On the importance of sanity-checking values where money is involved

Last year, one of my colleagues noticed that one particular company’s stock, which normally trades in the mid- to upper-$20 range, showed one day of extremely unusual results, very similar to the last example in this series of funny screenshots.

XYZ Company (NASD:XYZ) – Delayed quote data
28.06 Daily Range 27.92 – 100000.00
1:18PM ET

Closer inspection revealed that there was an order to buy 28 shares at $100,000.

Obviously, somebody got the “number of shares” and “bid price” fields backwards and ended up losing over two million dollars for the error. If this were an NYSE stock, this error would have been caught because trades on the New York Stock Exchange are still executed by human beings on a trading floor, so somebody would have said, “Wait, the two fields are clearly in reverse order” and fixed the error or at least double-checked with the buyer before executing it. (At least I hope so.
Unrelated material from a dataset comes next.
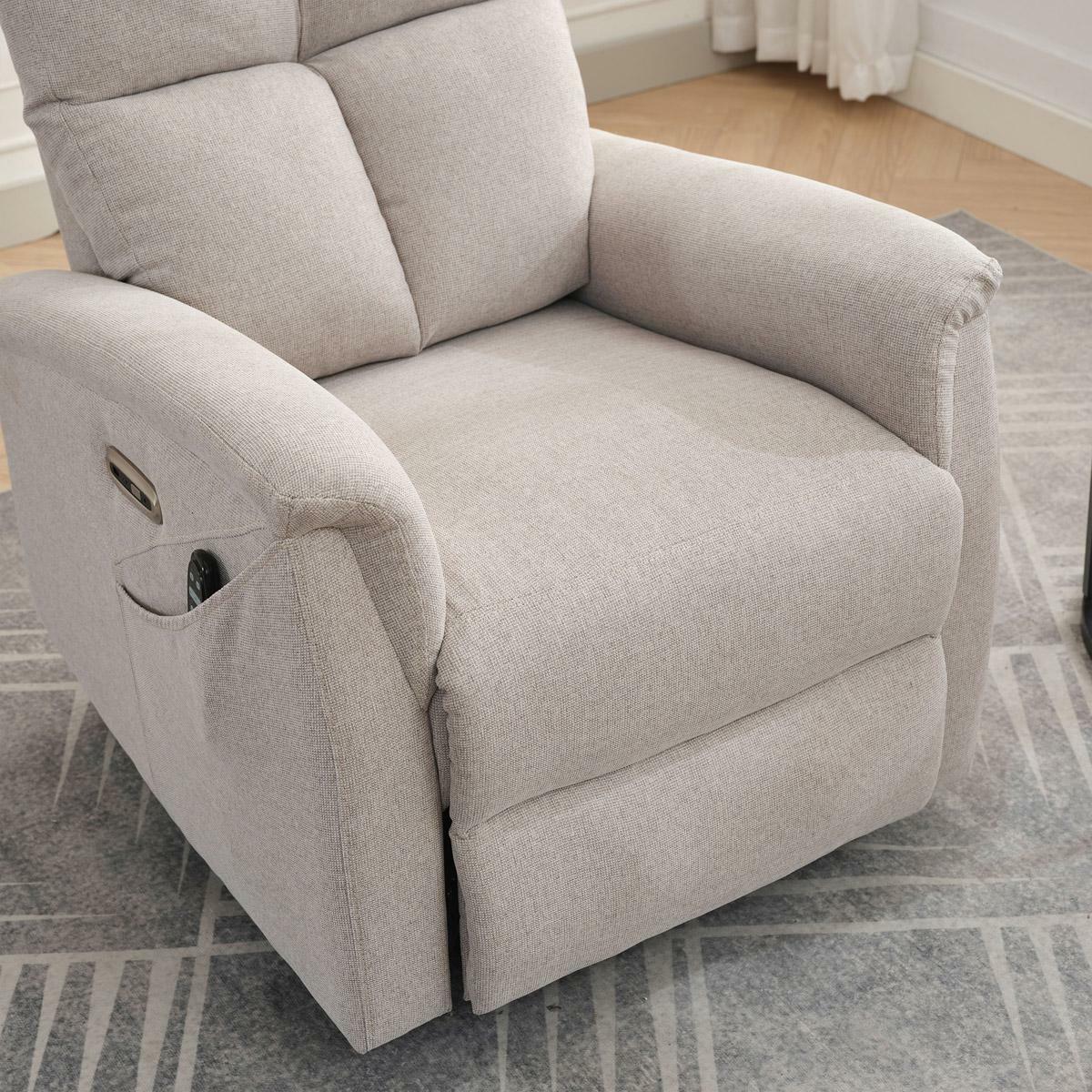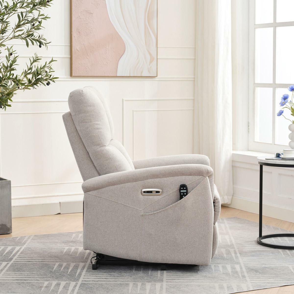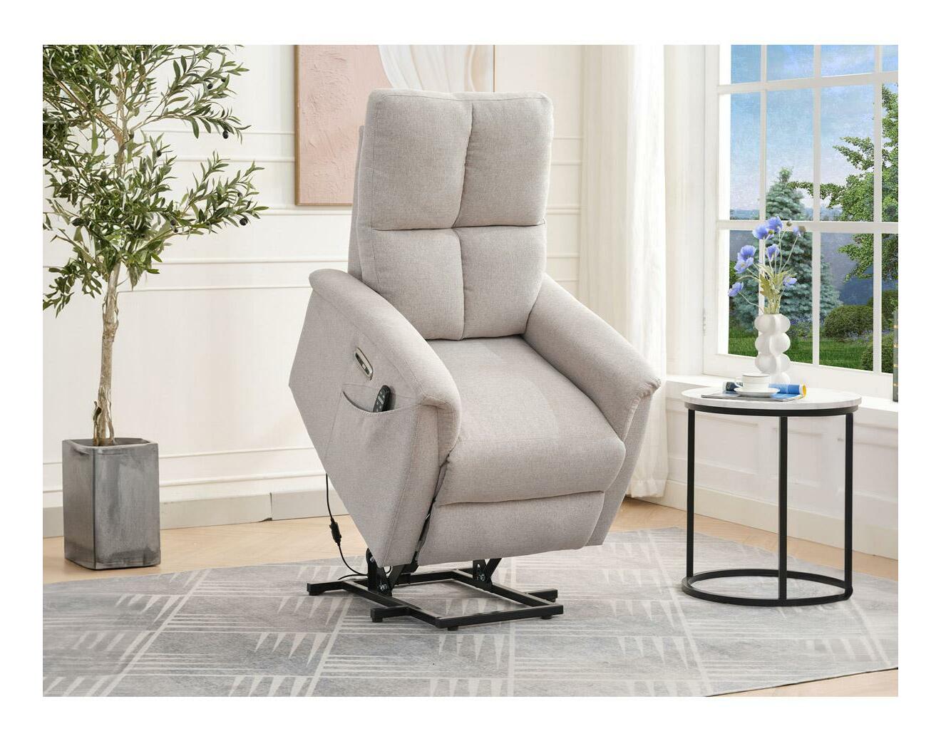 Objevte pohodlí a relaxaci s naším elektricky ovládaným relaxačním křeslem v moderní krémové barvě. Toto křeslo je navrženo tak, aby poskytovalo maximální komfort a zlepšilo váš domácí odpočinek. Ideální do obývacího pokoje, kde se stane vaším oblíbeným místem k relaxaci. Klíčové vlastnosti: Elektrické ovládání: Křeslo je vybaveno jedním motorem pro snadné a plynulé nastavování polohy opěradla a podnožky. Výklopná funkce: Usnadňuje vstávání, což je ideální pro osoby s omezenou pohyblivostí. 8 bodová vibrační masáž: Strategicky rozmístěné body masáže poskytují maximální úlevu a uvolnění svalů. Kabelový ovladač: Snadno dostupný a intuitivní ovladač pro funkce masáže a vyhřívání.

Maybe the people on the floor don’t care.)

But nope, this is NASDAQ, and some lucky market maker walked off with over two million dollars. Maybe the unlucky trader’s software will now display a warning if the price entered is more than, say, twice the current market price. (With appropriate exceptions for penny stocks.)

In response to the unusual price activity, another colleage chimed in, “Rats! This always happens to me. I had a limit order at $100,001.”

Author

Raymond has been involved in the evolution of Windows for more than 30 years. In 2003, he began a Web site known as The Old New Thing which has grown in popularity far beyond his wildest imagination, a development which still gives him the heebie-jeebies. The Web site spawned a book, coincidentally also titled The Old New Thing (Addison Wesley 2007). He occasionally appears on the Windows Dev Docs Twitter account to tell stories which convey no useful information.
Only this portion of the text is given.